Top of INFORMATION SUPPLIED
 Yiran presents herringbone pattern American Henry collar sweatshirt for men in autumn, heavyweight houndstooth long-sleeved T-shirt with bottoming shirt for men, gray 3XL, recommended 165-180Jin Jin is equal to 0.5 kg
Bottom of INFORMATION SUPPLIED
Top of INFORMATION SUPPLIED
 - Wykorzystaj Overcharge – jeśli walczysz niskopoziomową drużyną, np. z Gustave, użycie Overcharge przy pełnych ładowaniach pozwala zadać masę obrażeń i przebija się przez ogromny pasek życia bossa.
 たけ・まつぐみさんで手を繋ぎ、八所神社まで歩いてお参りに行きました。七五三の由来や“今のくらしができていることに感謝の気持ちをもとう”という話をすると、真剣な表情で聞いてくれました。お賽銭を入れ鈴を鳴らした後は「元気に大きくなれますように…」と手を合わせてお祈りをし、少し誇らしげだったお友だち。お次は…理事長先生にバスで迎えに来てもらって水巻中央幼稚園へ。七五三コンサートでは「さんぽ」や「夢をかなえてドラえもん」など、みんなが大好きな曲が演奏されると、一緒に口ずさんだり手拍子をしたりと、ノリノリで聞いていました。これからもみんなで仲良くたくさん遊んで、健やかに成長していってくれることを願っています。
Bottom of INFORMATION SUPPLIED
Top of INFORMATION SUPPLIED
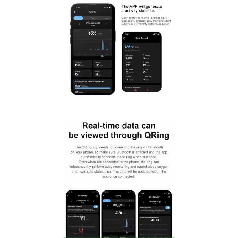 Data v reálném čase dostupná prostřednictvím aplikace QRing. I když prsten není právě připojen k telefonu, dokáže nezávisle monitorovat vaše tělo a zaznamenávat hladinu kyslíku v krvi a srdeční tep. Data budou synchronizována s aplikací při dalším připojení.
Bottom of INFORMATION SUPPLIED
## REQUIRED ACTION
Restate word for word the entries above, starting at the line with "- Wykorzystaj Overcharge" and ending at the line with "たけ・まつぐみさんで手を繋ぎ", inclusive, and no others.

## OUTPUT OF THE TASK
 - Wykorzystaj Overcharge – jeśli walczysz niskopoziomową drużyną, np. z Gustave, użycie Overcharge przy pełnych ładowaniach pozwala zadać masę obrażeń i przebija się przez ogromny pasek życia bossa.
 たけ・まつぐみさんで手を繋ぎ、八所神社まで歩いてお参りに行きました。七五三の由来や“今のくらしができていることに感謝の気持ちをもとう”という話をすると、真剣な表情で聞いてくれました。お賽銭を入れ鈴を鳴らした後は「元気に大きくなれますように…」と手を合わせてお祈りをし、少し誇らしげだったお友だち。お次は…理事長先生にバスで迎えに来てもらって水巻中央幼稚園へ。七五三コンサートでは「さんぽ」や「夢をかなえてドラえもん」など、みんなが大好きな曲が演奏されると、一緒に口ずさんだり手拍子をしたりと、ノリノリで聞いていました。これからもみんなで仲良くたくさん遊んで、健やかに成長していってくれることを願っています。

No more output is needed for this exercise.